Each Vaishnava sect has its own distinct marking system to identify it. Some of these marks bear an uncanny resemblance to pictography on Indus-Sarasvati Valley seals found in the British Museum (bit.ly/3cMvCoH). The sign on the Orchha temple priests’ foreheads was in a thick chandan (sandalwood) V shape, with a thinner red vertical line intersecting it. The red line stood for Lakshmi or Sri, which gives the sect its name, Sri Sampradaya or Srivaishavism.

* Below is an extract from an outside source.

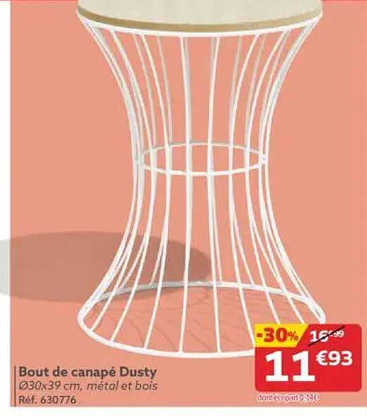 Découvrez l'offre de Bout De Canapé Dusty chez Gifi! Cette offre fantastique est maintenant disponible dans le nouveau catalogue de Gifi. Profitez de cette occasion et économisez considérablement sur votre achat.

But more to the point, it also resembled the tilakam of the southern Srivaishnavaite sects, both the Thenkalai (southern) and Vadakalai (northern sect), but in different ways. The red centre line was like the former and the thicker yellow or white V-shaped Vishnu’s feet marks like the latter. Did the theology and practices of northern Srivaishnavism also originate in the south, like Chaitanya’s Gaudiya Vaishnavism in the doctrines and traditions of Madhavacharya of Udupi?
Not surprisingly, despite differences in which forms of Vishnu and Lakshmi are regarded as their principal deities, the northern and southern lineages of Sri Vaishnavism have much in common. There is a direct line from Ramanujanacharya to Swami Ramananda. The latter is the root guru of most north Indian bhakti saints and sages, including Kabir, Ravidas, Dadu Dayal and Tulsidas. What is more, Ramanandis were not only egalitarian, but householder or martial. Ramanandi Nagas fiercely fought Ahmad Shah Abdali.

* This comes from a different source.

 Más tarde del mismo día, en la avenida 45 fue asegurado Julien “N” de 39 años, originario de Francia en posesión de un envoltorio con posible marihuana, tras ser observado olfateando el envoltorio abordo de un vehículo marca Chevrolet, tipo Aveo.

Tulsidas, by writing the authoritative Ramcharitmanas, also codified and popularised the worship of Sita, Rama and Hanuman, ensuring that householder and ascetic devotees of Sri Rama formed the largest single Hindu sect in the great Gangetic belt of India. It was here that the impact of Islamic invasions was most severe, only one proof of which was the demolition of the Ramajanmabhoomi shrine at Ayodhya by Babur’s general, Mir Baqi Tashqandi in 1528.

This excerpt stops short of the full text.